Vincenzo leans back in his seat, which looks like an invitation, honestly, and one she is not going to accept no matter how badly she’d like to be pressed up against him right now.
“Essentially the same thing in perpetuity or until they make a mistake I can exploit.”
She takes a deep breath, mentally starts preparing herself for future meetings like the one they just had.
… … …
The day she receives confirmation of her re-enrollment in her studies, Vincenzo moves her onto her stomach on his bed, legs parted only as much as needed so he can press into her. Her hands grip the linens and it feels so intense and good and right that she wonders if her spine might be bonding to his chest with the way he’s leaning over her, so fully connected it feels like it should always be this way. Wants him as close as he can be. Wants his voice in her ear.
“Tell me,” she says, which is not the first time. They both do this. Both good with words. Both very aware of it.
“You take me so well, love,” he says, lips wet against her, hips slowing enough to make her whine. “So fucking good for me, aren’t you?”
She tries to move, but he holds her hip down, laughs in her ear and then leans back. She can feel the sweat drying on her back and she turns to look at him. He gives her such a soft smile her head spins even as he fucks her.
Love love love.
… … …
They don’t talk about her last day or what will happen after it. She has to formally hand him her notice, which feels absolutely absurd to her. She understands why; HR needs record of it. But putting time in his calendar and going into his office with the paper in an envelope and an email scheduled to follow feels very weird.

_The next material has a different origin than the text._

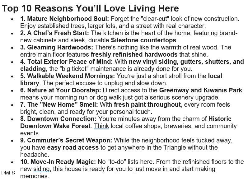 Listing details for 812 Old Magnolia Ln, Wake Forest, NC 27587 : Location, Lifestyle, and Move-In Ready! This is a home for the buyer who values a move-in ready home but refuses to sacrifice the character and walkability of an authentic North Carolina town. This home is walkable to the heart of downtown Wake Forest for Friday Night on White, the Farmer's Market, restaurants and shopping. A short stroll to the Greenway Trails, park, and Library. While you feel the peace and quiet from an established neighborhood, you have quick access to NC 98 and US 1, making your commute effortless. Step inside to find a home that feels new without losing the feel of an established neighborhood with charm and mature trees. The main floor features stunning refinished hardwoods and a fresh, neutral palette. The heart of the home is the kitchen with new cabinets and premium Silestone countertops. Cozy up to the gas fireplace on these cold winter nights. The transformation continues outside with new vinyl siding, gutters, shutters, cladding, and gorgeous Trex deck ensuring long-term durability and peak curb appeal. Come and see for yourself!

“I’m sad to lose you, Ms. Hong.”
She swallows, stares at him. He’s doing this on purpose. Reminiscent of their conversation over dinner on Saturday.
(“I’m scared this changes when I’m not sitting outside your door anymore,” she’d confessed, pushing her food around in her bowl.”
“Why?” he’d asked. “Do you want it to?”
“No.” Quick. Too quick.
His smile, gentle and easy. “If nothing it makes it more simple. Does it not?”
She grins at him, lets her foot bump his leg beneath the table. “Simply dating a 24 year old, not a 24 year old employee?”
He’d muttered, “Stop,” like she’s exhausting, which had made her laugh and put her hand on his thigh.)
“Maybe when I’m a lawyer you can hire me.”
They've not talked about this. Never.
“I’d rather you not end up back on my payroll.” He doesn’t look at her. He slips her resignation letter into the folder on his desk. It’s sort of funny; she’s the one who’ll end up delivering it to HR anyway. “Because I intend to maintain a personal relationship with you as long as you want it.”
She doesn’t preen. Doesn’t react. Well, that’s not true. She must. Because he takes one look at her and looks really very smug.
So yeah, she says, “You know I want it,” because it’ll make the tips of his ears red and it’s a cute thing to see.
He takes a long breath, lets it out slowly, pulls his shoulders back.
“My schedule for the day?”
She smiles, nods at him and opens her tablet.